[[ The data, beginning ]]

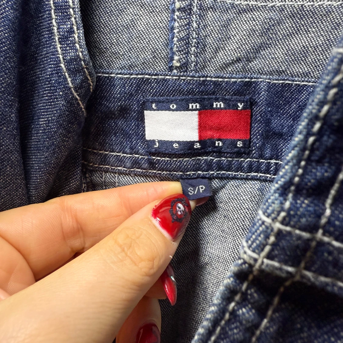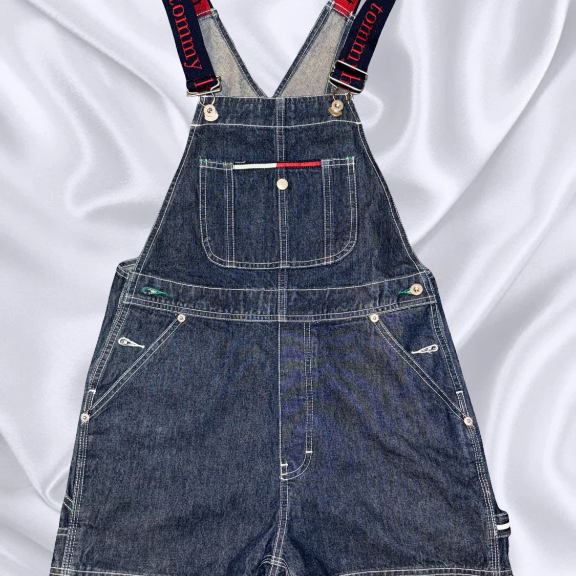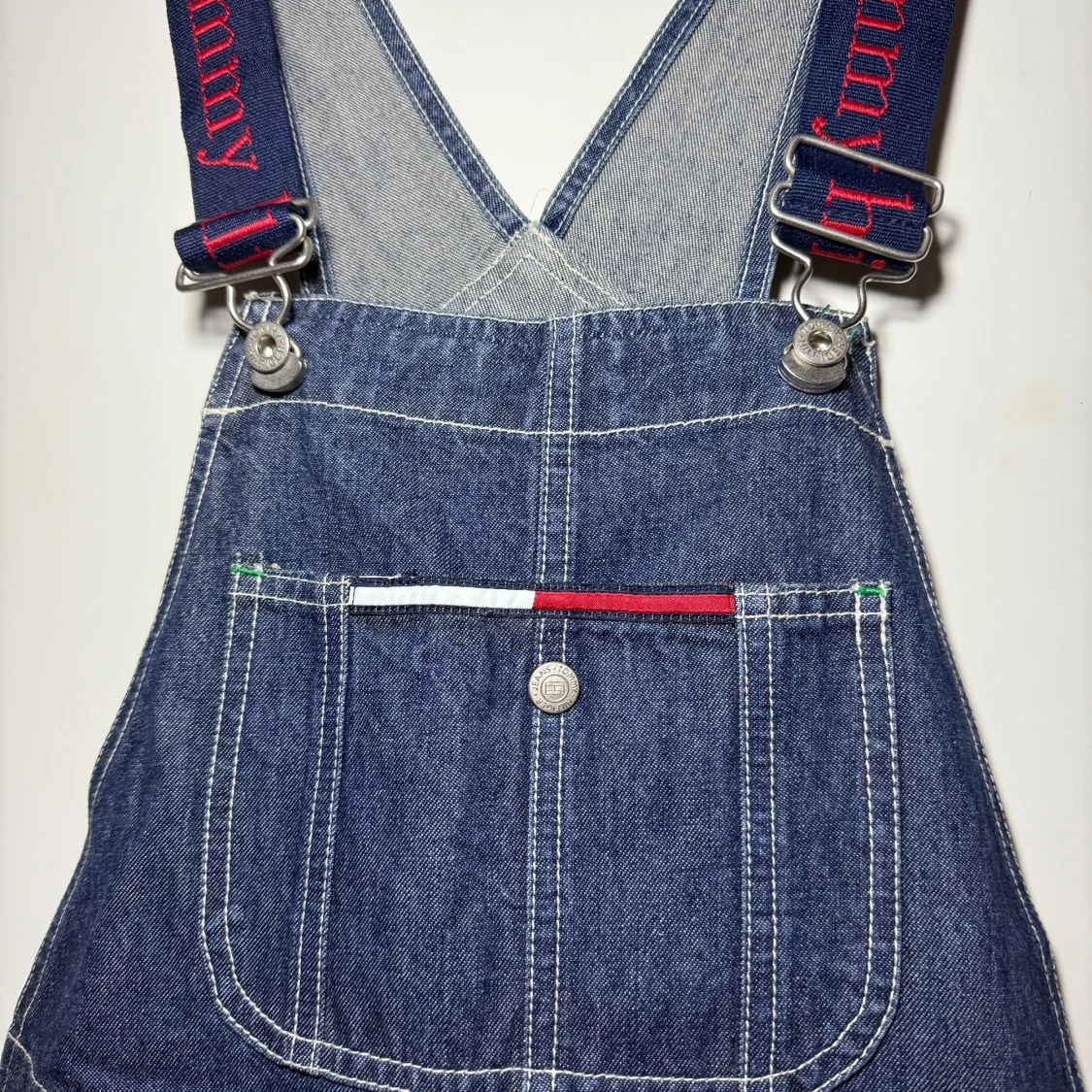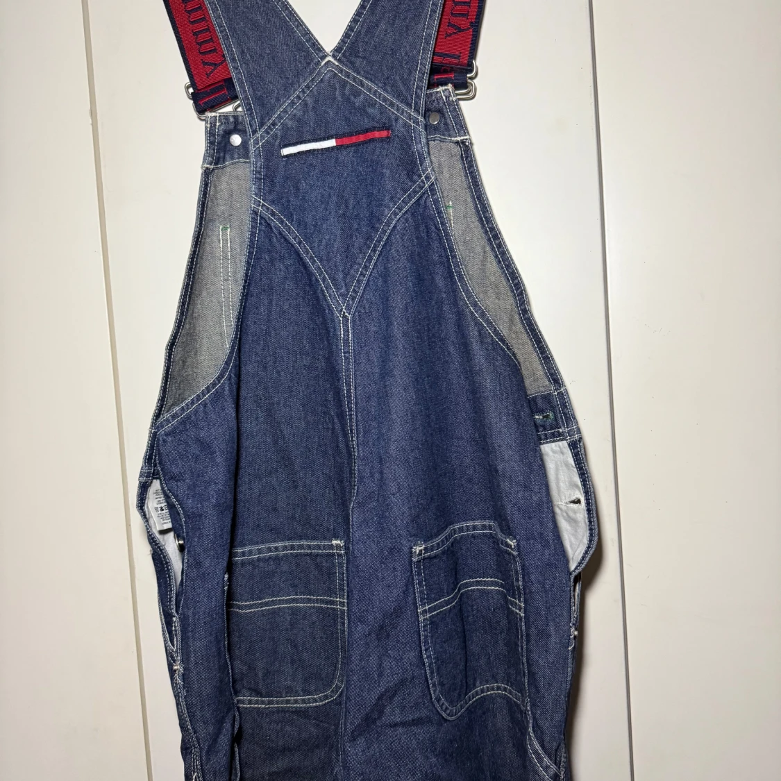 Mörkblå denim hängselbyxor från Tommy Hilfiger med justerbara axelband i marinblått med röd logotyp. Byxorna har flera fickor fram och bak, vita kontrastsömmar och detaljer i rött, vitt och grönt. Tillverkade i 100% bomull för en klassisk jeanskänsla. Otroligt snygga att ha till ett par boots eller en stickad tröja nu i höst. Eller en snygg T-shirt i sommar.
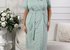 Халат из трикотажного полотна «кулирка» с набивным рисунком, на запахе, с короткими втачными рукавами, отделанными кружевом по нижним срезам. Бортовые срезы и горловина обработаны притачной планкой. Съемный пояс фиксируется на линии талии при помощи двух шлевок из окантовки в боковых швах.
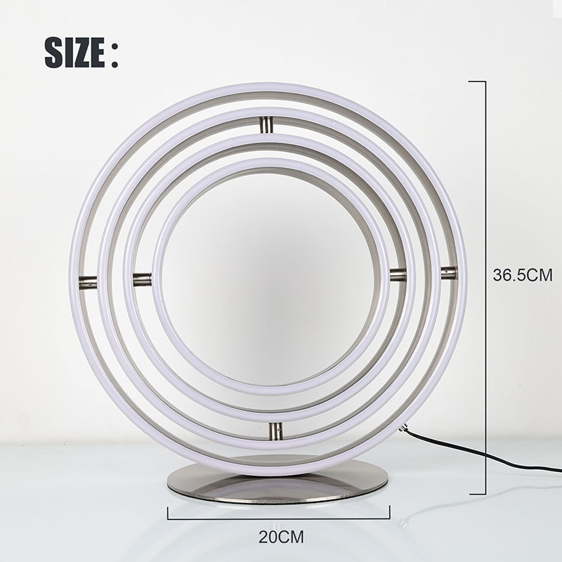 Lampu Meja Hiasan LED Berbilang Cincin adalah bukti reka bentuk moden dan fungsi praktikal. Dengan paparan yang menawan dan pembinaan tahan lama, ia adalah tambahan yang sempurna untuk mana-mana rumah. Tingkatkan ruang kediaman anda hari ini dan alami keindahan serta keajaiban yang dibawa oleh lampu ini.
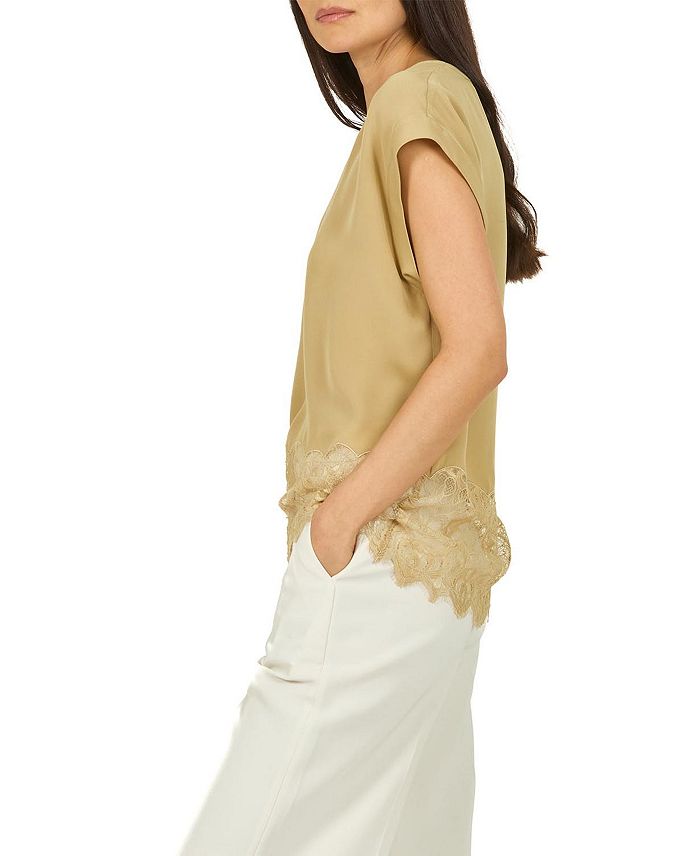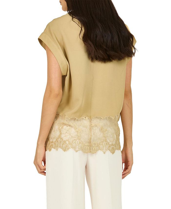Этот классический топ выполнен из двойного шелкового жоржета с кружевной отделкой.
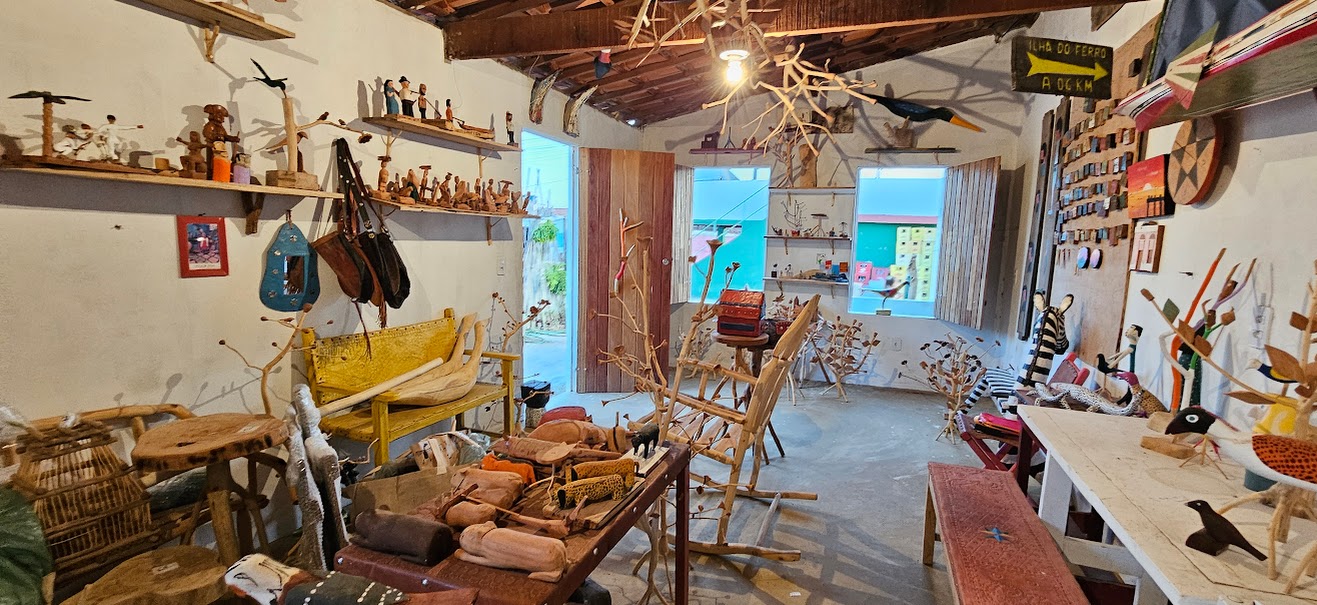 No povoado da Ilha do Ferro tem muita gente que mudou sua vida com o artesanato e o turismo. É o caso do André Fontes Torres, o popular Dedé. Ele tem mil e uma utilidade: artesão, barqueiro, pousadeiro… No seu atelier, têm peças de todos os artesãos das cidades de Pão de Açúcar, Olho D´água das Flores, e Poço Redondo (Sergipe). A especialidade do Dedé são os barcos descartados que viram novos artigos de arte, como bancos, cabideiros…
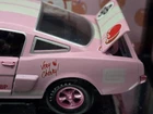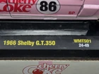 The M2 Machines 1966 Ford Shelby G.T. 350 diecast car in 1:24 scale is a limited edition special edition model from the M2 Machines Coca-Cola series. This pink car features a Cherry Coke theme, comes with a stand, and is part of a Chase series with only 750 produced. It is a unique advertising specimen with the Cherry Coke character family branding.
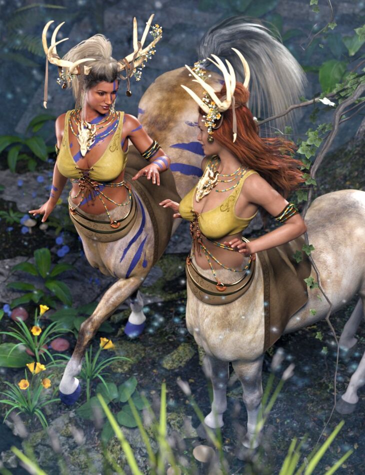 Centaur Grove Outfit for Genesis 8 Female Centaur gives your magical creatures have everything they need. The outfit includes horns with ribbons (with pose controls for the ribbons), a skull necklace with a magical gem, a top, armbands and a decorative blanket.
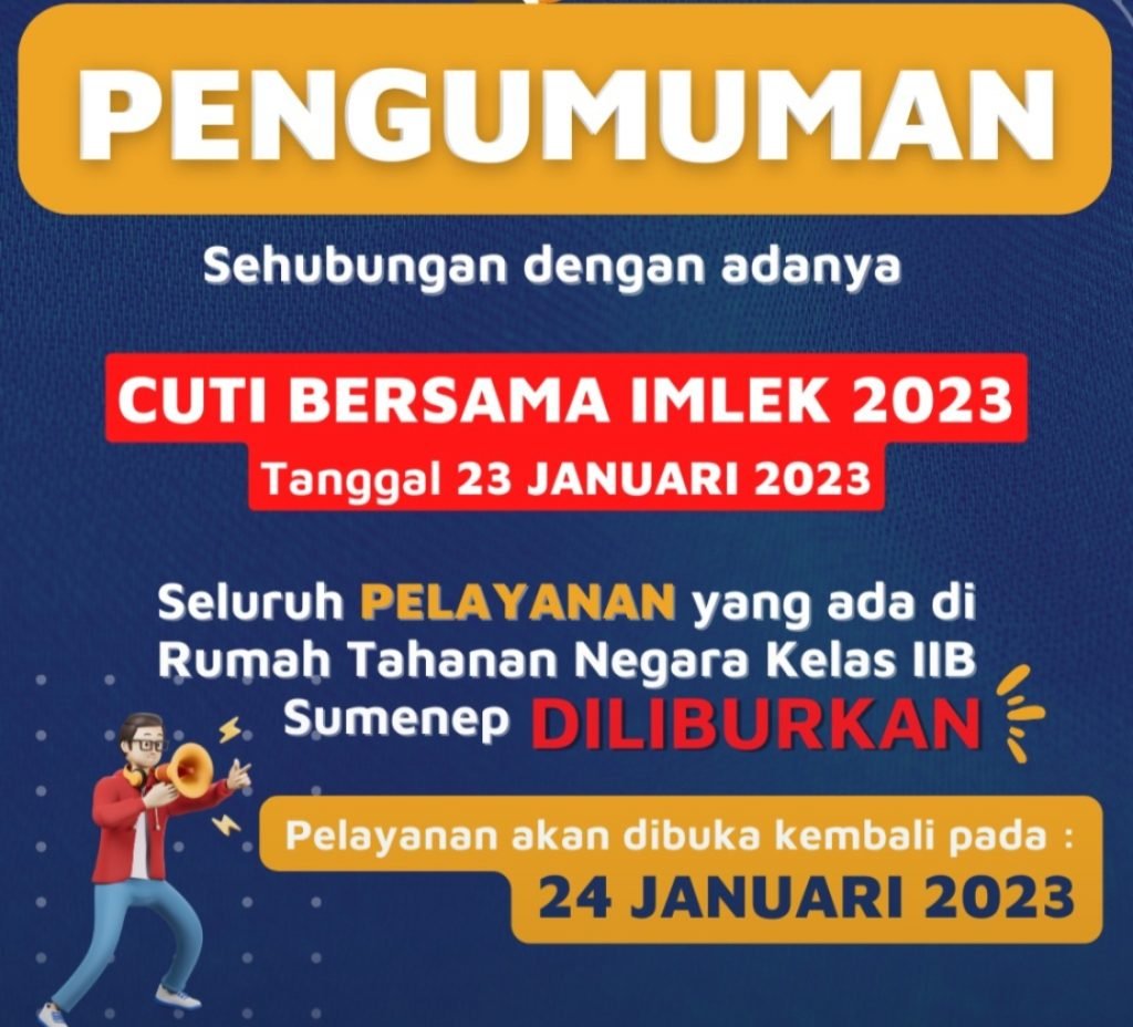 SURABAYAONLINE.CO, Sumenep – Pelayanan Kantor Rumah Tahanan Negara (Rutan) Kelas IIB Sumenep, Madura, Jawa Timur diliburkan pada cuti bersama tanggal 23 Januari 2023.
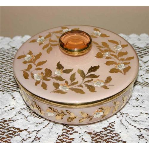 <tr><td>Title:Gorgeous Hand Painted Pink Glass Powder Box</td></tr>
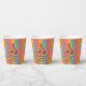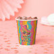 Make your roller skating party unforgettable with these custom paper cups available in 2 sizes and featuring a bold pink skate with rainbow stripes, retro waves, and colorful daisy accents on the background. Personalize them with your girl's name and age for a fun and functional party detail that ties the whole theme together. Ideal table decor for birthday parties at the roller rink or at home.
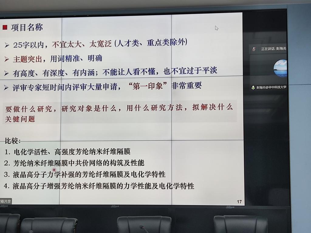 受学院邀请,华中科技大学彭海炎教授于11月29号为我院青年教师做了一场国家基金辅导报告。由于疫情防控的缘故,报告会选择在腾讯会议上开展,同时在9728太阳集团二楼学术报告厅设立大屏同步直播,以方便有需要的老师。本次报告由学院副院长施德安教授主持,相关教师参加了报告会。
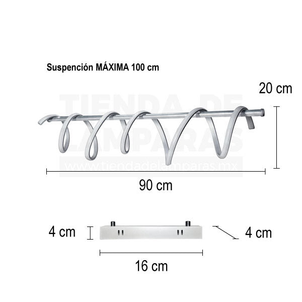 Luminaria para techo de sobreponer con soporte de aluminio y manguera de LEDcon 3 temperaturas de color (cálida, neutra y fría).
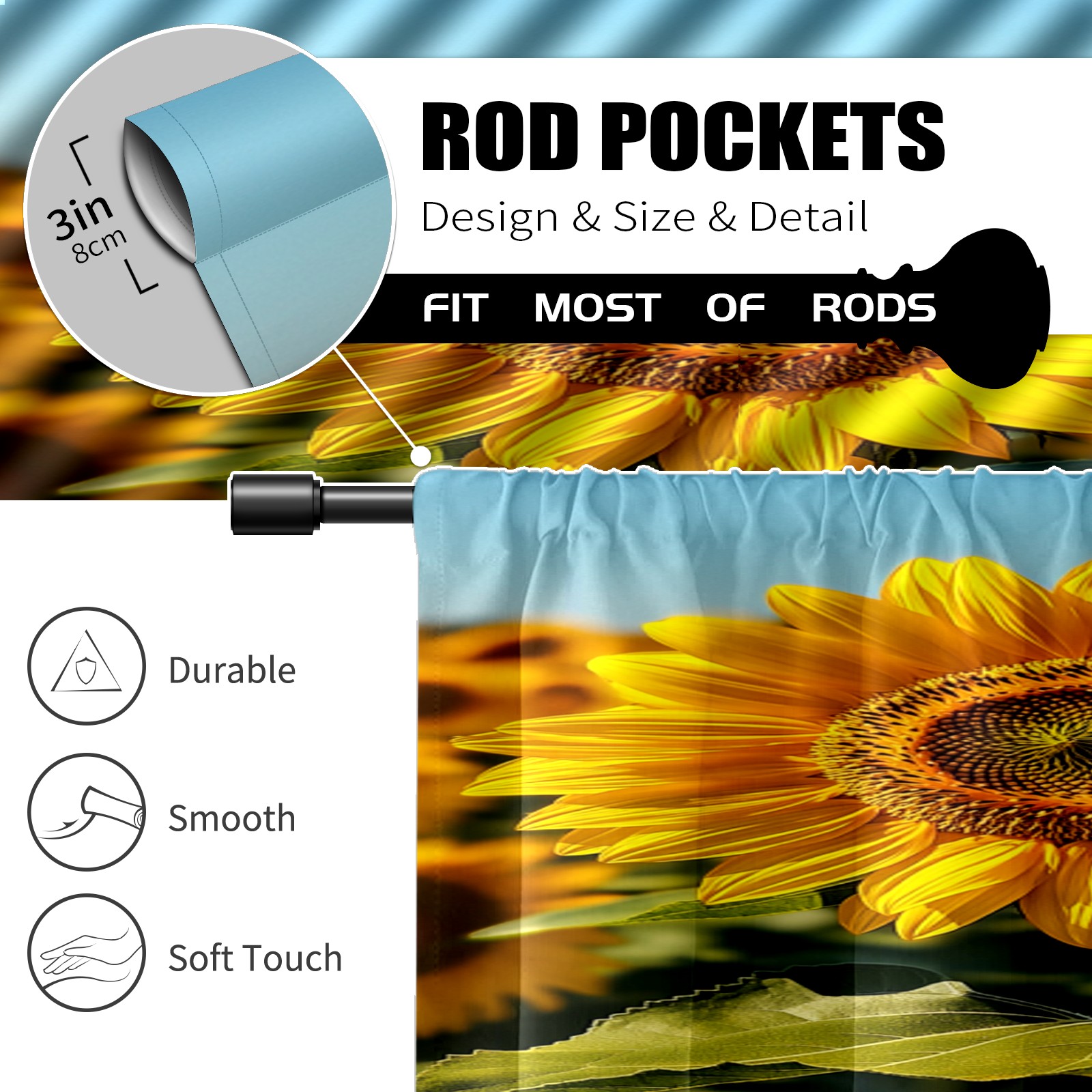 Шторы-панно для дома, декоративные драпировки для гостиной и спальни, легкие и прочные, Sunflower Pattern2
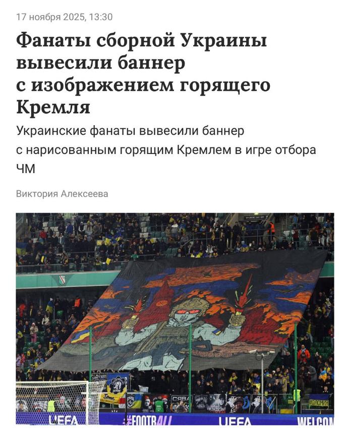 Украинските навивачи на мечот со Исланд вееја транспарент на кој е прикажан Кремљ како гори. Поточно на знамето имаше „пожар“ и навивач со бакља во раката.
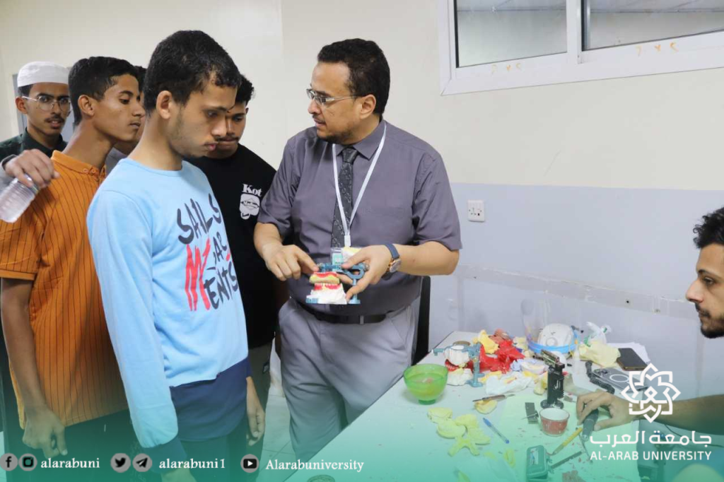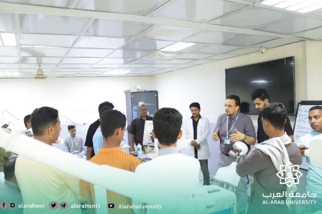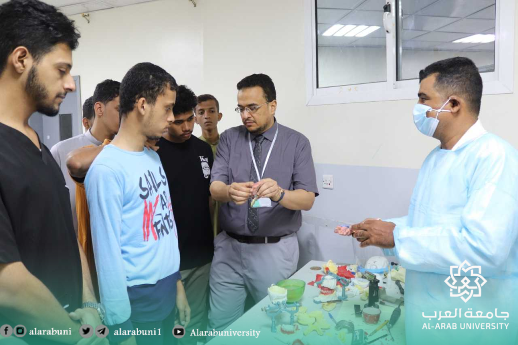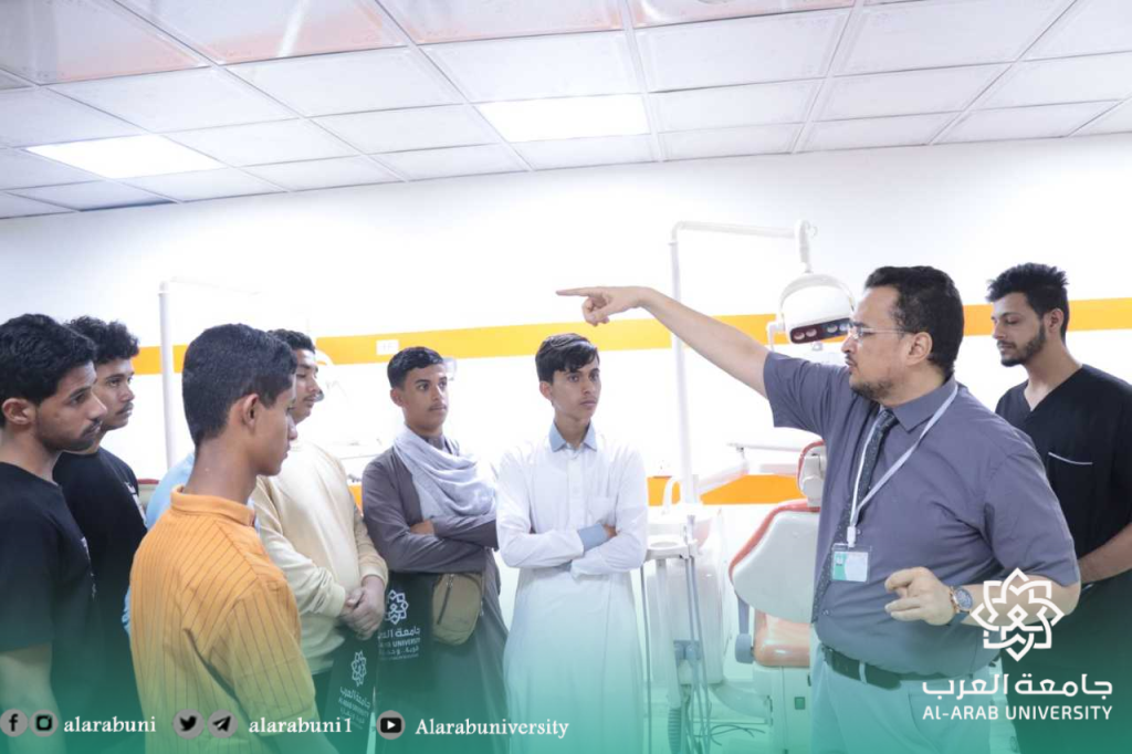 قام طلاب ومعلمي مدرسة النهضة الثانوية بسيئون بزيارة إلى كلية طب الاسنان بجامعة العرب حيث رحب الدكتور صالح خنبش عميد الكلية بالضيوف وتم اصطحابهم في جولة تعريفية بالقاعات والعيادات والمعامل وتقديم هدايا لهم وبروشورات تحتوي على تعريف بالكلية ونظام الدراسة بها.

[[ The data, end ]]

The lines to copy exactly start with the line above that has "受学院邀请,华中科技大学彭海" and go on through the line that has "Украинските навивачи на"; please include both, add nothing else, and omit the pictures.

**Worked solution**.
 受学院邀请,华中科技大学彭海炎教授于11月29号为我院青年教师做了一场国家基金辅导报告。由于疫情防控的缘故,报告会选择在腾讯会议上开展,同时在9728太阳集团二楼学术报告厅设立大屏同步直播,以方便有需要的老师。本次报告由学院副院长施德安教授主持,相关教师参加了报告会。
 Luminaria para techo de sobreponer con soporte de aluminio y manguera de LEDcon 3 temperaturas de color (cálida, neutra y fría).
 Шторы-панно для дома, декоративные драпировки для гостиной и спальни, легкие и прочные, Sunflower Pattern2
 Украинските навивачи на мечот со Исланд вееја транспарент на кој е прикажан Кремљ како гори. Поточно на знамето имаше „пожар“ и навивач со бакља во раката.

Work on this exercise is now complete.